* TASK *
Return all entries word for word, but drop any images.

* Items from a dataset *
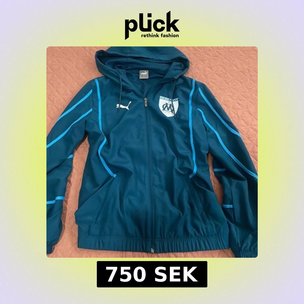 Snygg marinblå vindjacka från Puma med Olympique Marseille-logga på bröstet. Jackan har huva med snörning, dragkedja framtill och ljusblå detaljer längs ärmarna. Perfekt för dig som gillar sportig stil och vill representera ditt lag.
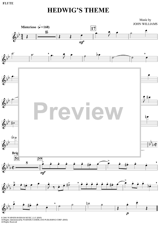 Digital Sheet Music for Hedwig's Theme by John Williams scored for Flute/Piano; id:313001
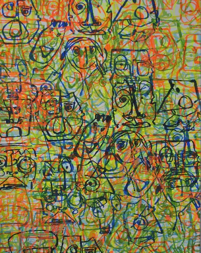 Jocul îţi oferă libertatea de a fi tu însuţi, de a te manifesta liber, spontan, fară constrâgeri. Multitudinea de chipuri expresive, prinse parcă în pânza lucrării, se extrag din suprafață și, printr-un joc doar de ele știut, evadează în spațiu formând propria lor lume viu colorată.
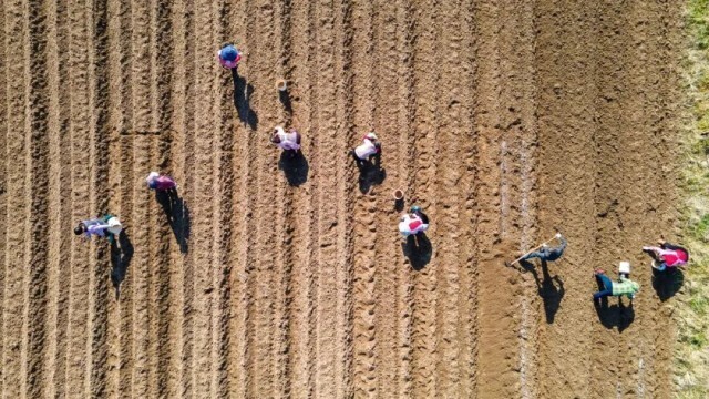 1月30日,在浙江省金华市金东区澧浦镇上宅村马铃薯种植基地,当地农民在进行新品种马铃薯播种 图源:新华社
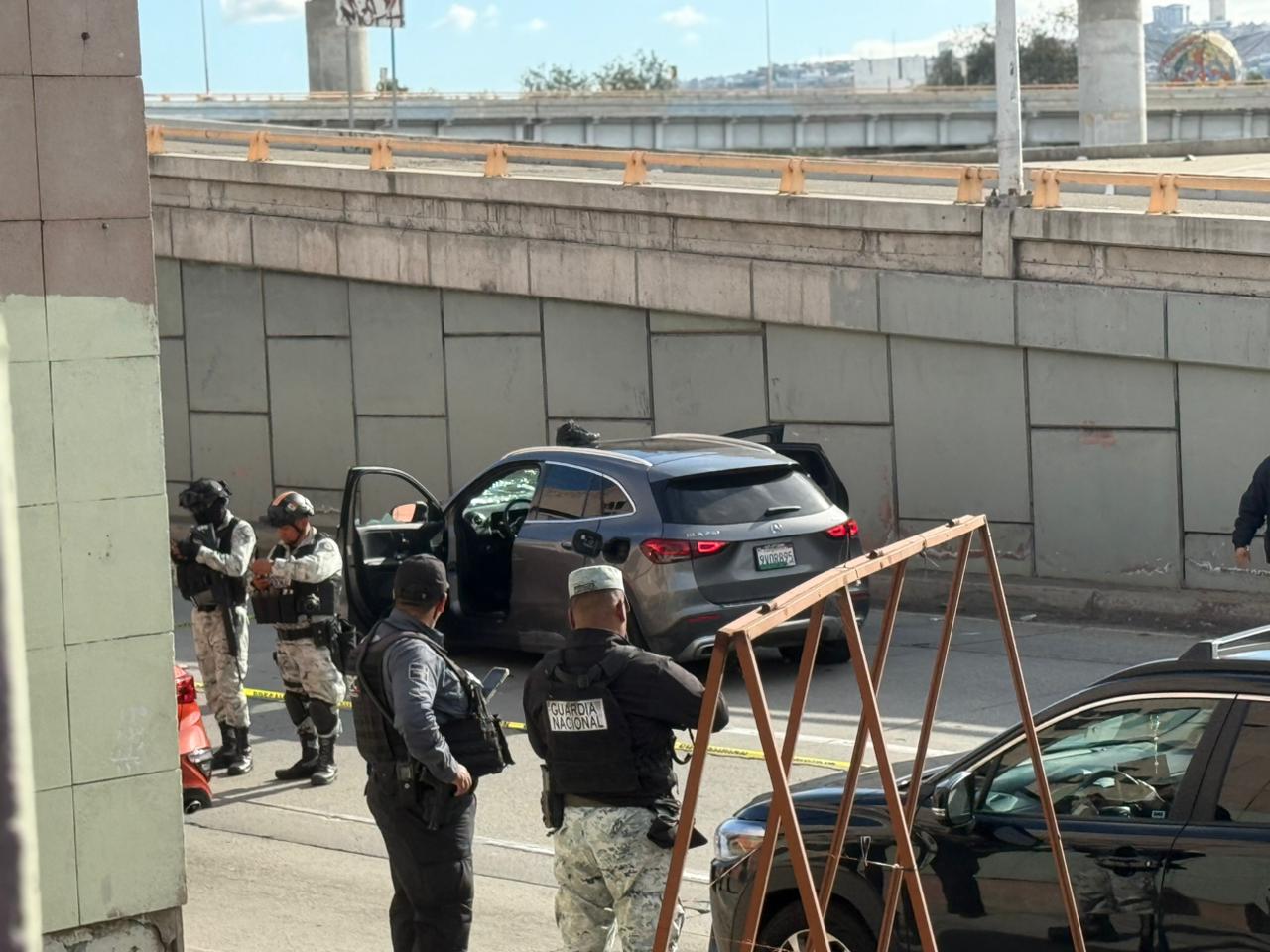 Una camioneta Mercedes-Benz color gris fue atacada a disparos al salir de la línea de San Ysidro.
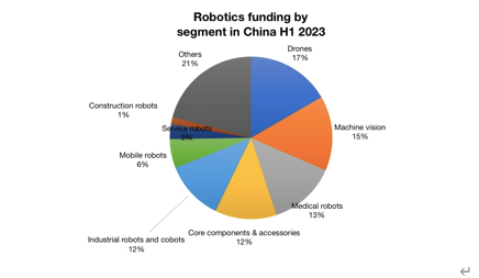 尽管如此,中国机器人行业也受到了当前经济疲软的影响。根据我们的数据,2023年上半年,风险投资在机器人领域的投资额下降了42%。因此,在这个领域,中国的融资活动虽然仍然高于我们记录的欧洲水平(6.5亿美元),但却低于美国(14.8亿美元)。

* RESPONSE AREA *
 Snygg marinblå vindjacka från Puma med Olympique Marseille-logga på bröstet. Jackan har huva med snörning, dragkedja framtill och ljusblå detaljer längs ärmarna. Perfekt för dig som gillar sportig stil och vill representera ditt lag.
 Digital Sheet Music for Hedwig's Theme by John Williams scored for Flute/Piano; id:313001
 Jocul îţi oferă libertatea de a fi tu însuţi, de a te manifesta liber, spontan, fară constrâgeri. Multitudinea de chipuri expresive, prinse parcă în pânza lucrării, se extrag din suprafață și, printr-un joc doar de ele știut, evadează în spațiu formând propria lor lume viu colorată.
 1月30日,在浙江省金华市金东区澧浦镇上宅村马铃薯种植基地,当地农民在进行新品种马铃薯播种 图源:新华社
 Una camioneta Mercedes-Benz color gris fue atacada a disparos al salir de la línea de San Ysidro.
 尽管如此,中国机器人行业也受到了当前经济疲软的影响。根据我们的数据,2023年上半年,风险投资在机器人领域的投资额下降了42%。因此,在这个领域,中国的融资活动虽然仍然高于我们记录的欧洲水平(6.5亿美元),但却低于美国(14.8亿美元)。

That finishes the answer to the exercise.